I had heard about President-Elect Obama’s plan to take advantage of the momentum from the social networking and technological mediums so popular during his campaign. However, it wasn’t until I received an email from Lending Club asking me to vote for an “idea” proposal competing for the new administration’s ear that I checked the website out.
This particular idea (one of thousands focusing on various issues) centers on social lending as a bottom-up method for loosening up credit for borrowers and providing higher-than-average returns for lenders.
“The credit crunch currently crippling America’s economy is not due to a lack of available funds. It is caused by dysfunctioning credit markets and by the banks having adopted an overly conservative credit policy in the wake of the subprime meltdown. After very permissive lending practices for many years, the pendulum has now swung the other way.
But the money has not disappeared. The money is still there, with roughly $6 trillion currently sitting in deposits, CDs and savings accounts earning interest at 3% and not being lent out by the banks. This is enough money to get small businesses through the credit crisis, offer student loans to everyone who needs it and refinance half of all mortgages in America.
Our idea is simple: unlock these resources, enable the people who have the money to lend it directly to creditworthy people who need the money through a new (yet tested over the last couple of years) mechanism called social lending: people lending money to each other at fair interest rates. With this aim in mind, we have created Uncrunch America (www.uncrunch.org), to give us a chance to help each other out.

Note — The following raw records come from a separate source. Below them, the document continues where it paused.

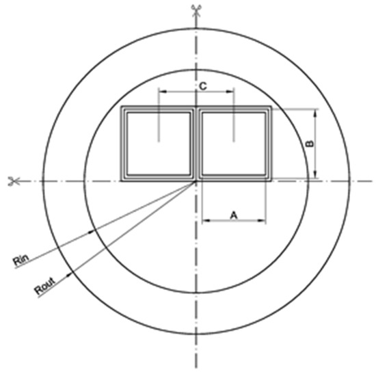 The disposal canister is basically a carbon steel cylinder, is almost 5 metres long and is designed to fit 4 PWR FAs in 4 separate inserted and welded carbon steel boxes (see Figure 1). The preliminary dimensions selected for the present analysis were Rin = 41 cm, Rout = 55 cm, box centre-centre (C-C) separation = 17.9 cm, A ≈ 21.5 cm (side of the FA top head) and B ≈ 23.5 cm (inner side of the FA box). The analysis performed refers entirely to this disposal canister concept.
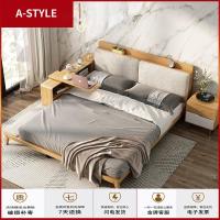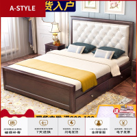 苏宁放心购实木床1.8米现代简约北欧卧室双人床婚床1.5米经济型布艺实木大床A-STYLE家具
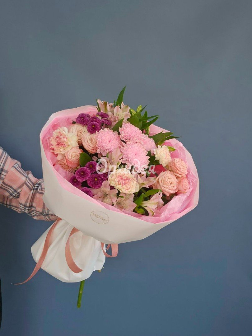 Каждая изготавливаемая флористом цветочная композиция является уникальной и может отличаться внешним видом, размером и оттенками цвета. Также возможны замены по ассортименту и составу цветов в зависимости от сезонности, наличия цветов и т.п. факторов. Итоговое исполнение заказа может незначительно отличаться от иллюстрации на сайте. При этом каждая цветочная композиция составляется из свежих цветов, и флористы предпринимают все усилия для того, чтобы цвет, форма цветочной работы как можно полнее соответствовали иллюстрации на сайте.
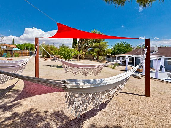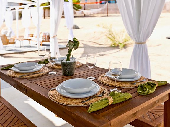 Enjoy cozy Boho Chic vibes throughout the house. Every detail was thoughtfully designed to create an exciting space that is pleasing to the eyes while providing a comfortable and relaxing atmosphere. Whether you come to Joshua Tree to soak in the desert sun or stargaze at night, the Desert Dream Oasis house is perfectly setup to help you experience it all. Take a nap on the hammock, play a few games of corn hole while you wait for the grill to fire up, enjoy a meal under the shaded patio and evening drinks on the luxurious cabana. At night, you can relax by the fire pit or unwind in the 6-person hot tub.
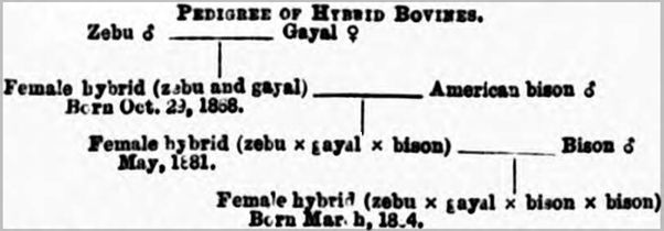 (BOVINE HYBRIDS.) London Daily News, 24th April 1886. Zoological students should not fail to notice the hybrid bovine animals bred in the Gardens by Mr. A. D. Bartlett, the indefatigable superintendent, A female hybrid has been produced not only by the intermixture of three well-marked species (zebu, gayul, and bison), but according to present definitions three distinct genera. Mr. Bartlett has long had a theory that some of the domestic animals, for the origin of which there has been no definite explanation, have resulted from a mixture of species, and he has certainly upset the long-established dogma that it was impossible to breed from a hybrid.

Several companies have already joined us in putting together the banking infrastructure necessary to make it happen (credit reporting, authentication, funds transfer, bank account verification, regulatory framework including lending licenses and SEC clearance, etc.) and have already committed to lend $1MM through Uncrunch America.

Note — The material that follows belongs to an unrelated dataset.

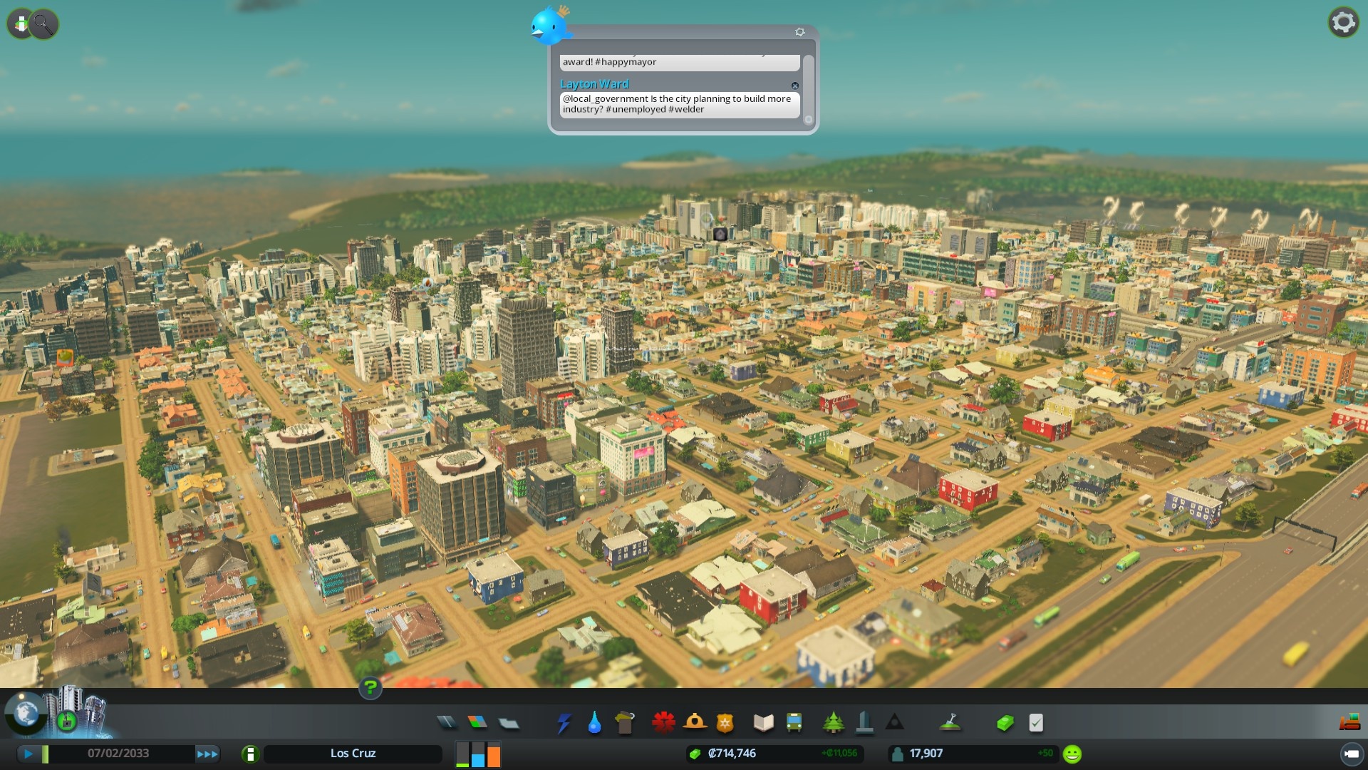 Vier steden?Ik heb maanden gespeeld met mijn eerste stad. Als het ding door het updaten van mods niet onspeelbaar geworden zou zijn, zou ik er nog steeds mee spelen.

Our initial goal is to get 1 million people to participate (a small fraction of those watching the inauguration speech!) and our hope is that the US Government will help by matching funds lent by individuals through Uncrunch America. We believe this is a more efficient way to use the bailout funds because this directly encourages lending, and will help restart the credit markets — from the bottom up.”

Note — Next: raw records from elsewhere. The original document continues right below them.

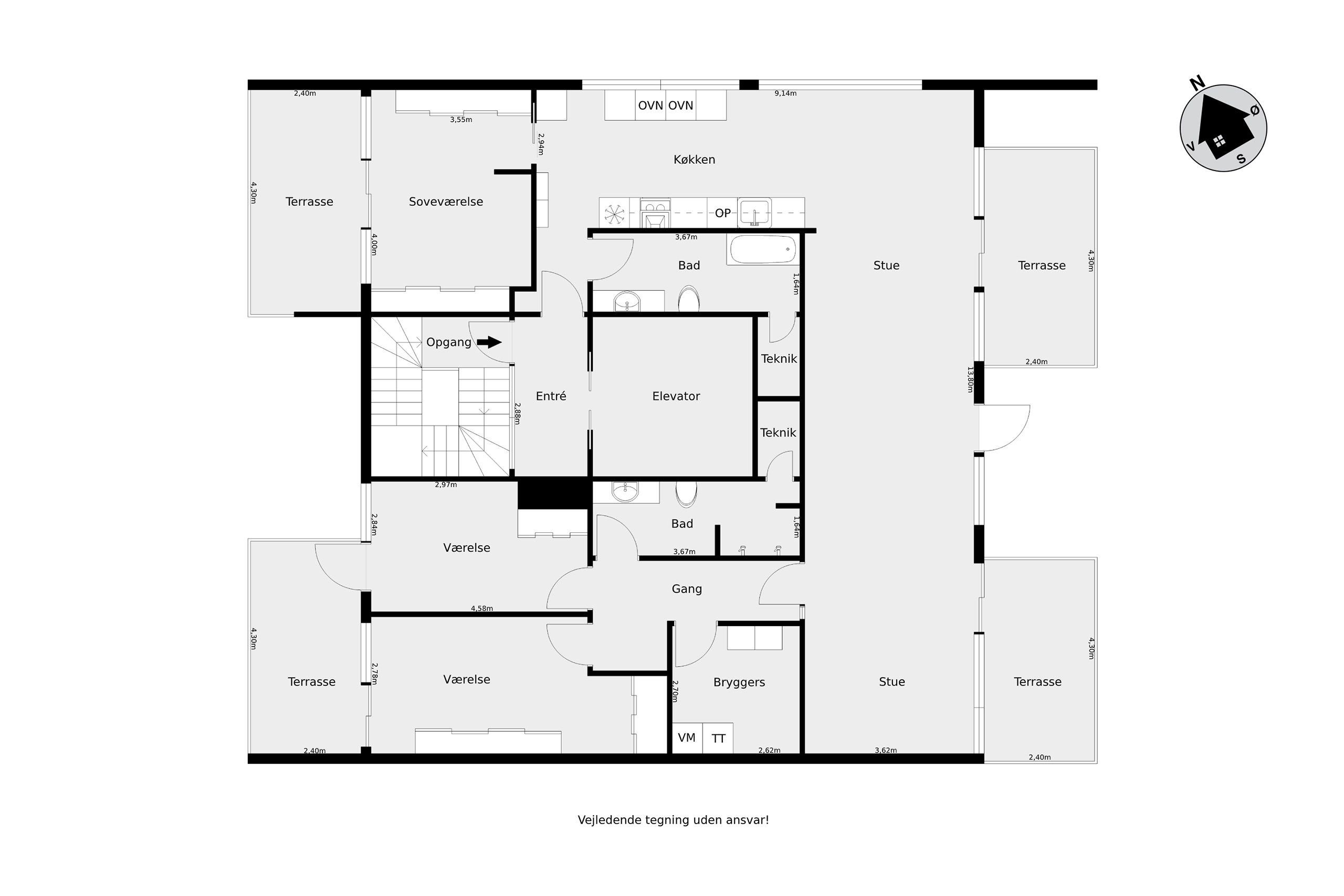 - Plantegning med mål
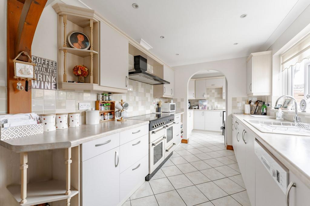 Internally, the accommodation, excluding the garage, extends to just under 2,000 sqft and is arranged over two well-planned floors. The wide entrance hall gives an immediate sense of space and leads to a ground floor WC, a versatile playroom or home office, and a spacious 19ft dual aspect living room with a gas fireplace – perfect for relaxing or hosting guests. To the rear, the remodelled kitchen/diner is a highlight of the home, flowing into a garden room with access to the rear garden. A separate utility room links to the kitchen. Additionally, the entrance hall provides access to the double garage, offering excellent functionality for day-to-day living.
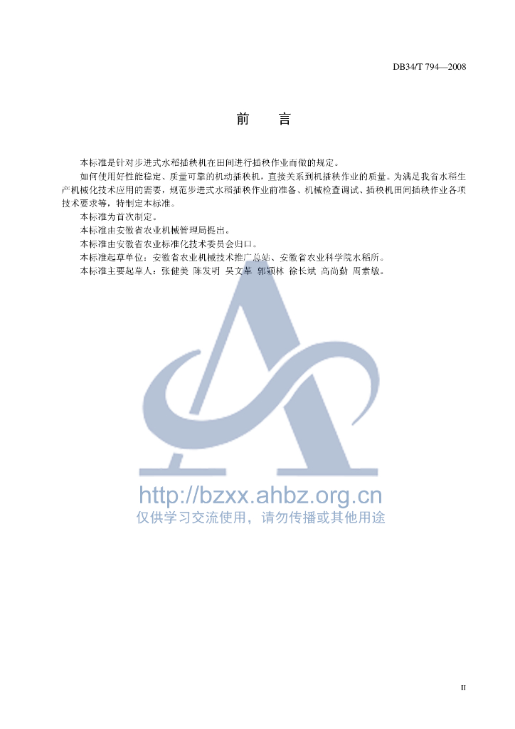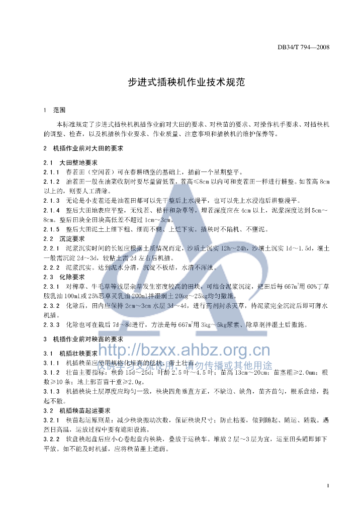 DB34/T 794-2008 步进式插秧机作业技术规范
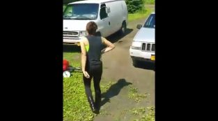 Idiot girl wears dog shock collar challenge TRENDING redneck.

Full disclosure: I recently applied for a loan through Lending Club, a social lending website. I was initially reluctant, but I was forwarded through Lending Tree and I did a lot of research before applying for a loan. It works like this; as a borrower, you need to meet a few requirements.
- You must be a US citizen.
- You need a FICO score above 660.
- Your debt to income ratio must not exceed 25% (excluding a mortgage).
- You must be a “responsible” borrower, which means: 1 year of credit history, with no current delinquencies, recent bankruptcies (7 years), open tax liens, charge-offs or collections account in the past 12 months, no more than 10 inquiries on your credit report in the last 6 months, a revolving credit utilization of less than 100%, and more than 3 accounts in your credit report, of which more than 2 are currently open.
These requirements reduce the risk for the lenders. There are also requirements for lenders, but as I am not lending, I did not look into them in detail. I can tell you this, however. It’s a win-win for both parties: lenders receive a higher return than they would from a CD or savings account, and borrowers can often secure a loan with a lower interest rate than other options available to them.
In my case, I have applied for a $14,00o loan at 12%. I filled out a long application and identified the purpose of my loan as consolidation. I was approved and my loan is currently 21% funded, with 9 days to go (borrowers are given 2 weeks for lenders to fund their loans).
Personally, I am thrilled that social lending is taking off. Most certainly because it benefits me, but I also know that it will help others who are struggling with their mortgages, college loans and high-rate credit card balances.